Being able to share the Faith with another is not akin to sharing a hobby or even a core value with another person, even though those are goods in their own right. It is so much more. A shared hobby might mean that we have a similar personality type (for example, friends who enjoy gardening are likely to have more similar dispositions to one another than those who enjoy axe throwing competitions), but what hobbies cannot convey is something much deeper: “I recognize the dignity of your beginning, the eternal nature of your destination, and the gravity of who you are to God.” Let’s unpack that.
If you share the Faith with another, you both understand each other’s immortality. As C.S. Lewis said, “You have never talked to a mere mortal. Nations, cultures, arts, civilizations - these are mortal, and their life is to ours as the life of a gnat. But it is immortals whom we joke with, work with, marry, snub and exploit - immortal horrors or everlasting splendors.”

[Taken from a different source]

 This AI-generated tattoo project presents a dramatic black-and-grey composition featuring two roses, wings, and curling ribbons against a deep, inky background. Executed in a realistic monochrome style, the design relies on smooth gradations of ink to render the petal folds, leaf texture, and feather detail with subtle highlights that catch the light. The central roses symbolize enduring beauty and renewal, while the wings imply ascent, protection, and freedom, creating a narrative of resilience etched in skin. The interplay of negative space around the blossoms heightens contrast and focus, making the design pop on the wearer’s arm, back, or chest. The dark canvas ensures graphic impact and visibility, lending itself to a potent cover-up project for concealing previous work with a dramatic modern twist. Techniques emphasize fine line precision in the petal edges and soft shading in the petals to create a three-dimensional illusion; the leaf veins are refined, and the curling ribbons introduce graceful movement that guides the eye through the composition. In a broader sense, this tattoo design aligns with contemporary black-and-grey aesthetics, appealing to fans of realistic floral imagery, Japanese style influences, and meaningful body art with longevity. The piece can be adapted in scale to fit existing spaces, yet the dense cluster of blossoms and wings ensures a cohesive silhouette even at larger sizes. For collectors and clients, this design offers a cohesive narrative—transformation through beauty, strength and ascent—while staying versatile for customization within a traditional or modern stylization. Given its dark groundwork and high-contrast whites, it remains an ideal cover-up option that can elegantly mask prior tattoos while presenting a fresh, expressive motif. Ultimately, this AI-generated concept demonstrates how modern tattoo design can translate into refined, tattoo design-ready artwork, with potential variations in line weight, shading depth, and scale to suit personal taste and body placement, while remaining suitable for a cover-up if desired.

The person sitting across from you is more than what you can see visually. The person with whom you converse will live on in an afterlife without end, a destination influenced by the choices he makes in the present. Moreover, it is not merely the case that he has plans for his own life, but that God too has a purpose for him.

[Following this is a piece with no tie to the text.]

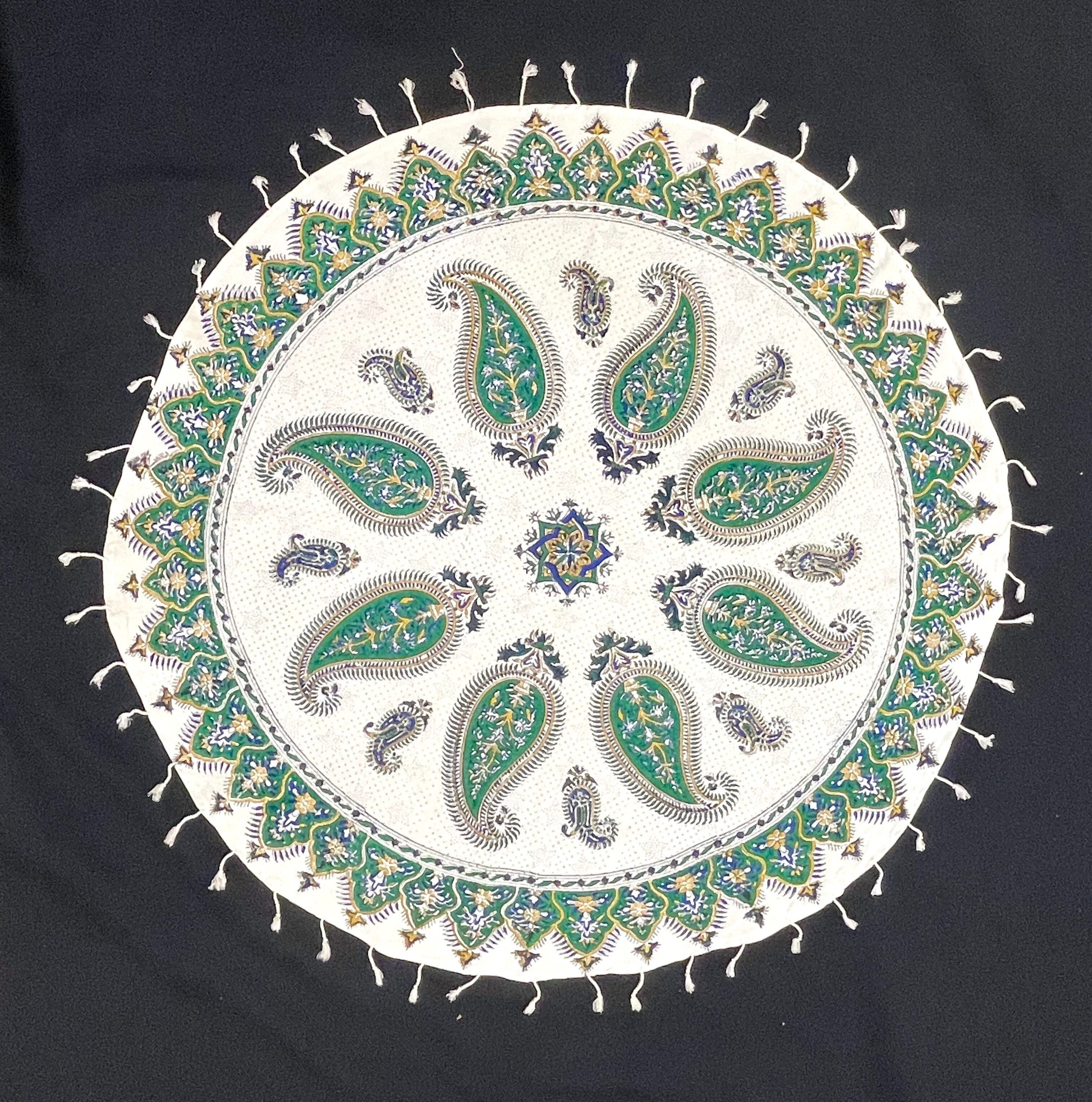 さらさ【円形100cm】天然素材布 グリーン

In the context of a friendship, this means that we are called to properly see the other not for who he is to us (primarily), but for who he is before God and entirely outside of our relationship. It means valuing the other in a truly non-secular way.
In this manner, sharing the Faith with another is not reducible to “we both go to church” (or even the same parish), even though outwardly, that might be all that is apparent to an observer. It means that in an immeasurable way, we are working to aid in the other’s salvation, and our friend is trying to aid in ours. It means that even something as simple as giving advice is done within the framework of realizing that you may be helping (or harming) someone else’s pilgrimage to Heaven. It is at once wholesome and terrifying, because there is a gravity to everything that we do and say—to how we live.
I do not mean to suggest that people cannot have close or meaningful associations with those who do not share the Faith, but I do assert that they will lack the particular depth that is possible in friendships among faithful people.
By sharing the Faith, you also share the very image of the hero. You are bonded over an understanding of what holiness looks like, so you know what your interlocutor aspires to. You know what he considers to be virtuous, heroic, and good. These things are not otherwise evident, nor are they constancies in a relativistic society like our own. That doesn’t mean that the person of faith will be perfect, but at least you will both have the same vision of failure.
In fact, by a shared vision of (Transcendent) success, you can guide, care, and love. While one person’s worldly success will look different to another’s, our spiritual success will be in alignment. We can pray together, grieve together with an understanding of those we have lost, experience pain in light of the redemptive nature of suffering, and better support one another through the difficulties inherent in this life. Having the Faith permeates every area of our lives, such that who we are, how we act, and how we love are shaped by it. All the better that we might share it.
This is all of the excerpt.